Along with recent notorious data security breaches AI today is probably the most controversial, yet most cherished subject in tech: it is looked upon as either blessing by the likes of Mark Zuckerberg, or being cursed and questioned by Elon Musk and Steven Hawking. Interestingly, those who are raising those concerns, are not really feared about robots taking over and massacring the humanity in ‘Terminator 2: Judgement Day’ best tradition. What the AI-opponents are really worried about lies a bit deeper down: raising awareness of responsible deployment of AI in the era of machine learning algorithms and software becoming mass available. Securing unbiased AI that is not affected by human prejudice about race or gender has long been discussed by researchers. But is there any solid grounding for this fuss in the first place?

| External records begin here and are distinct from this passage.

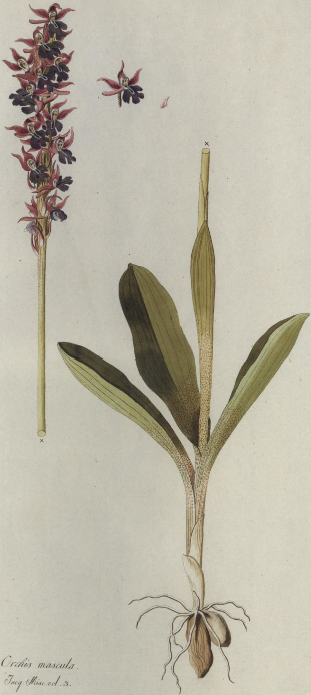
Orchis mascula. Jacq. Misc. vol. 3.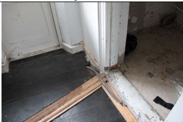
Nyere gulve lagt på oprindelige skæve og svækkede gulve og konstruktion.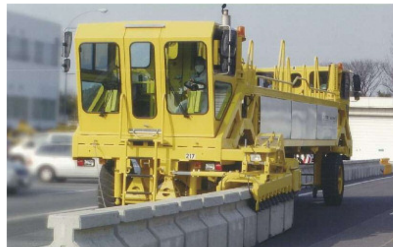
移動式防護柵切替用車両による防護柵移動状況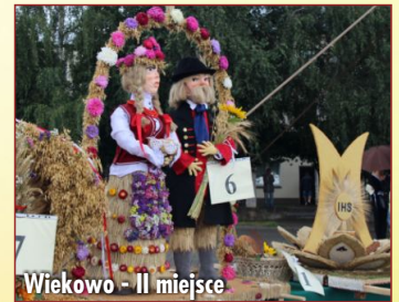
Wiekowo - II miejsce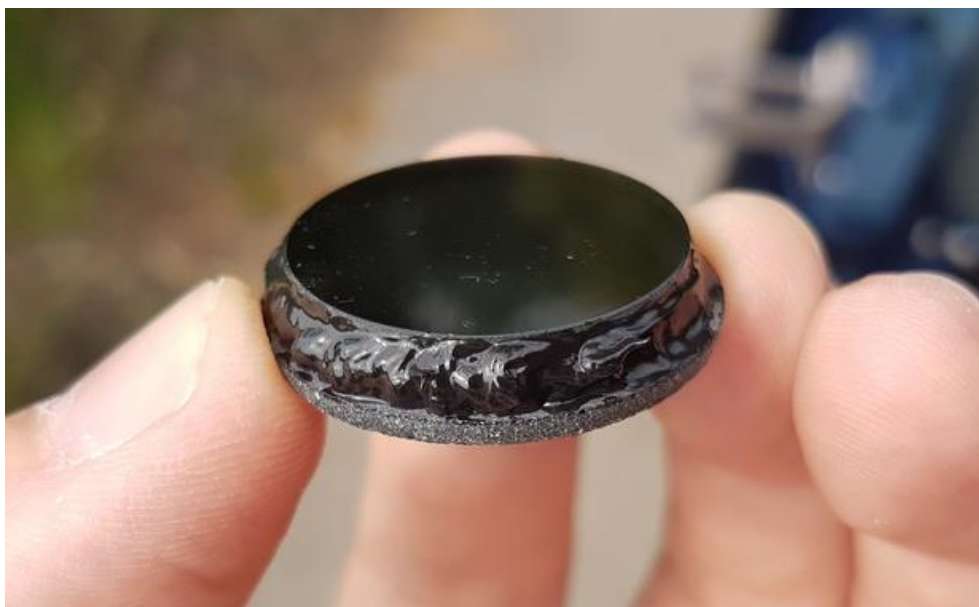
Abbildung 8 - Stoppel mit Kleber

Als nächstes wird auch der Glasstoppel mit dem Spezialreiniger geputzt, und dann kann man auch schon damit beginnen den Kleber aufzutragen.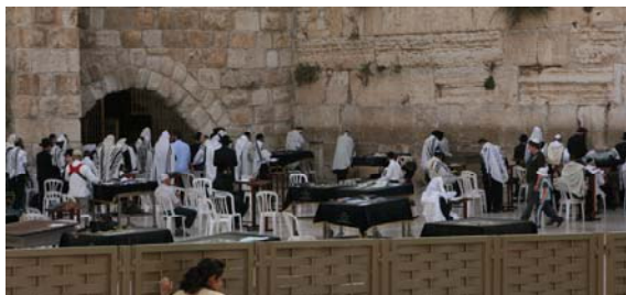
Klagomuren (Western wall)

Använder dagen till att gå runt i old city och åter gå till klagomuren. Samt ta en cache och lägga en cache i närheten av old city. Letar mig också fram till Budget-biluthyrning.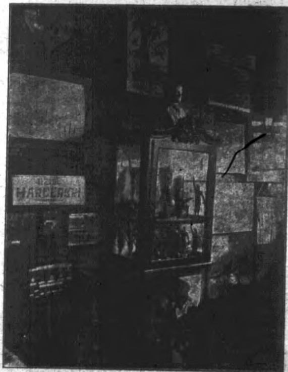
Fragment z wystawy regionalnej w Baranowiczach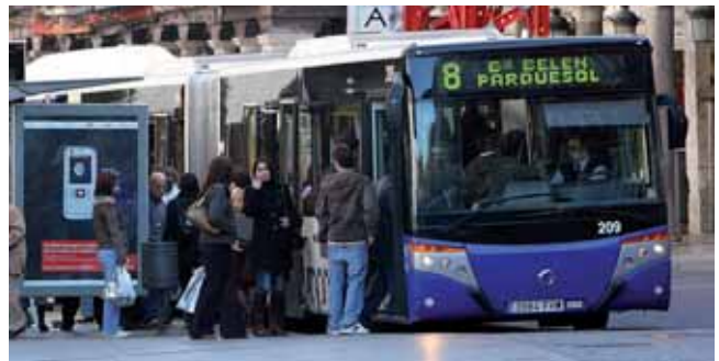
Los vallisoletanos tendrán que hacer más cuentas para llegar a final de mes.

Los parados vallisoletanos de larga duración verán como el Gobierno les suprime la ayuda de los 426 euros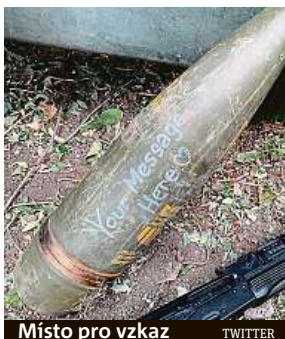
Místo pro vzkaz TWITTER

O to větší ohlas vzbudilo kyjevské videoherní studio Frogwares, které shání prostředky na svoji připravovanou hru o detektivu Sherlocku Holmesovi. „Těm, kdo nám přispějí nejvíce, garantujeme zanechání vzkazu na dělostřeleckém náboji vypáleném na frontě ukrajinskou armádou,“ uvedli vývojáři pro videoherní časopis PC Gamer.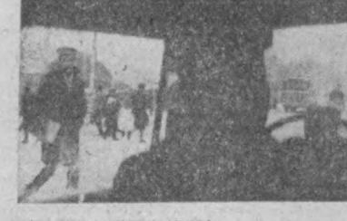
Г. Пун фотоси (ЭТАП).

«ВЕЧЕРНИЙ ТАШКЕНТ» орган Ташкентского Горкома КП Узбекистана и Ташхорсоевета.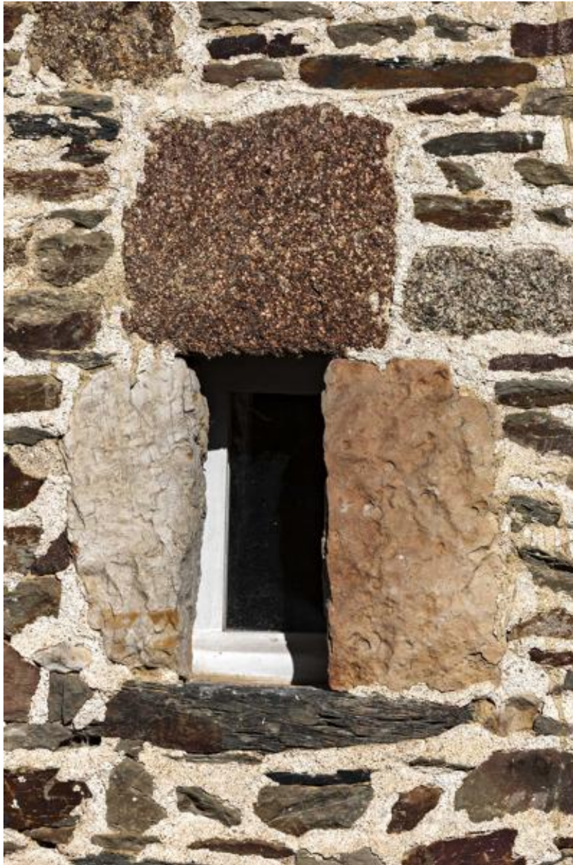
Presbytère de Thuboeuf, fenêtre du cellier

AI is trained with big data that human developers put into it. Simply, if artificial intelligence is trained with biased data, it is doomed to make biased decisions. For example, deploying AI-search algorithm in an online recruitment search service recently showed that it put male candidates higher than female one in the search results! Another instance is one of those chat-bots that are created by dozens for a number of purposes, like ‘Tay’ — originally created for innocent chit-chats, it became a racist — if not fascist — monster sprawling out offensive comments in less than 24 hours! Remember, AI is learning from whatever we, humans, throw down to it. And it is learning very fast. With this kind of software powered by machine learning algorithms becoming increasingly accessible, there’s a growing risk of biased AI pertaining into mainstream software, thus promoting discrimination. Google, for instance, has already rolled out an open-source machine-learning software library now free for anyone to use. Turns out, the so-called algorithmic bias with AI manifesting exact same biases as humans, might be becoming more prominent in everyday decisions that humans make.

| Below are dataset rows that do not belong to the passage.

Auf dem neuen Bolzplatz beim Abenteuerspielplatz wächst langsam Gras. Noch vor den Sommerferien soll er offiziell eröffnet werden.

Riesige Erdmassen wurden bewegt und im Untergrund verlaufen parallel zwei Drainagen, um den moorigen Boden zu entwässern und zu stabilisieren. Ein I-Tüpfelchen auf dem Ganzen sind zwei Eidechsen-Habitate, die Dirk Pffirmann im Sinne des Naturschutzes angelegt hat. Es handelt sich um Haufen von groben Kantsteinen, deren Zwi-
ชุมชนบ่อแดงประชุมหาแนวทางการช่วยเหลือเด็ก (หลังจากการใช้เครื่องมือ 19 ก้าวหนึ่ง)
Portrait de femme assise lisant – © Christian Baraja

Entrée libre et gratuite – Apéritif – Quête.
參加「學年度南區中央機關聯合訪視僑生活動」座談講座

Is there any way to somehow fight this algorithmic bias? Well, it’s a logical leap to suggest that since AI is fed with data, altering the data itself might be of help. Huge amount of data is needed to train one AI-algorithm. But where do developers turn to for this filtered unbiased data? Is it for free and who really owns it? Facebook data privacy scandal and subsequent refusal to comply with EU Data Protection Directive worldwide only confirms the fact that a tech-giant hold on to the right to dispose of users’ data at its own discretion. Isn’t it also because they are not only monetizing on data, but need it desperately to maintain the development of their AI? Data today is new oil really: tech-giants are not giving it away despite raising concerns and calls for giving users their personal data back among tech-community. But is it even possible to gather unbiased data to train unbiased AI in the first place?

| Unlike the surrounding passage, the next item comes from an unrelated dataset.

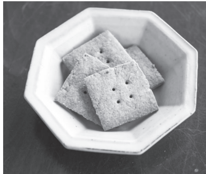
町内のお菓子屋「つむぐ」と共同開発した白ごまクッキー

白ごま油を製造する中で発生する副産物（搾りかすや澱）を活用した、お菓子やドリンクを開発しました。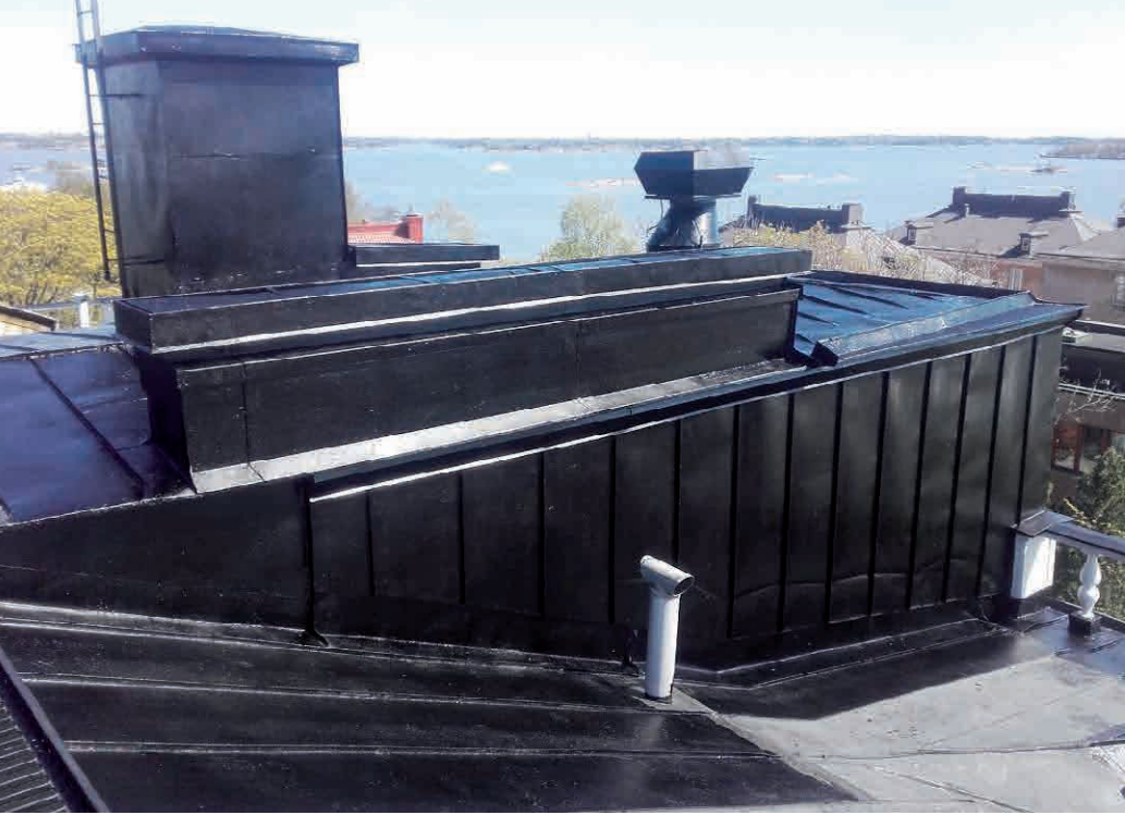
▲ Enkonol-paksupinnoite antaa lisää elinkaarta satavuotiaalle peltikatonle.

Introducing AI to platforms and services the very essence of which is providing authentic and unprejudiced opinion is to face even more challenges. The whole point of deploying AI on opinion-driven markets is its capability to identify and exclude biased opinions. We’re having some sort of a catch-22 situation here: technology created to overcome the bias, is running the risk of becoming biased itself. Speaking of online reviews market and scoring industry, review platforms like yelp.com have long been a place to share valued opinions being a driving force for businesses to gather customer feedback. But as we all know those platforms over time started to lose credibility, since they had a bunch of common issues. Geared up with AI to fight bias and lies new generation of scoring platforms are emerging. But what if AI itself is becoming biased? Where do we get enough data to train AI adequate analysis of opinion’s authenticity? Should developers use existing Yelp-generated reviews bankl? In cases where AI is working with vast amounts existing data in the endless sea of online information, countering bias becomes much more difficult. It looks like those aspiring to come up with an AI filtering mechanism, first need to accumulate their own ‘quality’ data pack. Product owners and designers should be very aware of those risks when deploying AI to any type of systems. It is the duty of machine learning engineers to come up with safer developer tools suggesting a better way to design algorithms that don’t discriminate on gender, race, and other attributes. All of these concerns are specifically applied to the industries depending on AI as their last resort of authenticity.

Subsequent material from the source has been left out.